Das Pflichtteilsrecht ist, nicht zuletzt im Hinblick auf die Abhängigkeit der Erbquoten vom ehelichen Güterrecht, sehr stark mit dem Familienrecht verzahnt. Taktische Überlegungen des überlebenden Ehegatten sind ohne eine genaue Analyse der güterrechtlichen Situation praktisch gar nicht denkbar. Aber auch gesellschaftsrechtliche Bezüge spielen immer wieder eine erhebliche Rolle, insbesondere i.R.d. Nachlassbewertung.

Gerade in jüngerer Zeit wird auch vermehrt die Frage nach der Pfändbarkeit des Pflichtteilsanspruchs bzw. nach Bezugspunkten des Pflichtteilsrechts zum Insolvenzrecht gestellt. Hierzu ist festzuhalten, dass eine Pfändung nur dann in Betracht kommt, wenn der Pflichtteilsberechtigte selbst den Entschluss gefasst (und nach außen hin kenntlich gemacht) hat, den Anspruch verfolgen zu wollen.
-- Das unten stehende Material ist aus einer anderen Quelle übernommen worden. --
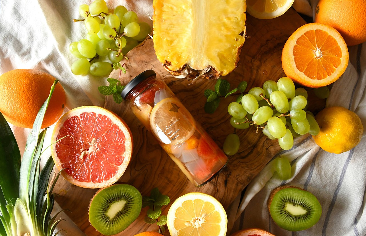 グレープフルーツ(南アフリカ産)、オレンジ(オーストラリア産)、パイナップル(フィリピン産)、ぶどう(アメリカ産)、キウイ(ニュージーランド産)、レモン(アメリカ産)、ナタデココ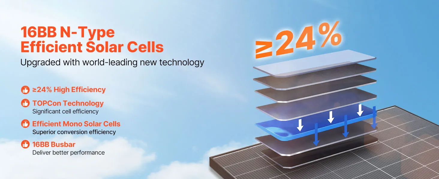 Dotato di celle solari monocristalline ad alta efficienza di tipo N da 16 BB, questo pannello solare cattura più luce solare e garantisce un'erogazione di energia costante e costante per alimentare i tuoi dispositivi.

Denn die Entscheidung über die Geltendmachung obliegt allein ihm.[271] Eine Ausnahme hierzu gilt allerdings im Bereich des Sozialhilferegresses. Denn hier kann der Träger der Sozialhilfe den Anspruch – unabhängig von der Entscheidung des Pflichtteilsberechtigten über die Geltendmachung – ab seiner Entstehung nach § 93 Abs. 1 SGB XII auf sich überleiten.[272]

 

Rz. 62

Ist der Pflichtteilsberechtigte insolvent und strebt er die Restschuldbefreiung nach § 296 InsO an, stellt es nach h.M. keine Obliegenheitsverletzung dar, wenn er einen ihm zustehenden Pflichtteilsanspruch nicht geltend macht.[273] Soweit er aber auf seinen Pflichtteil Zahlungen (oder sonstige Leistungen) erhält, hat er davon die Hälfte an seine Gläubiger abzuführen (§ 295 Abs. 1 Nr. 2 InsO). War der Anspruch zum Zeitpunkt der Eröffnung des Insolvenzverfahrens bereits anerkannt oder (wenigstens) rechtshängig, zählt der Pflichtteil insgesamt zur Insolvenzmasse.[274]

[271] BGH NJW 2011, 1448; Palandt/Weidlich, § 2317 Rn 8.
[272] BGH ZEV 2006, 76; OLG Hamm RNotZ 2013, 307, 310.
[273] BGH ZEV 2013, 268, 269; BGH ZEV 2011, 327; BGH ZEV 2009, 469; Horn, in: MAH Erbrecht, § 29 Rn 63; Muscheler, Erbrecht, Rn 4139.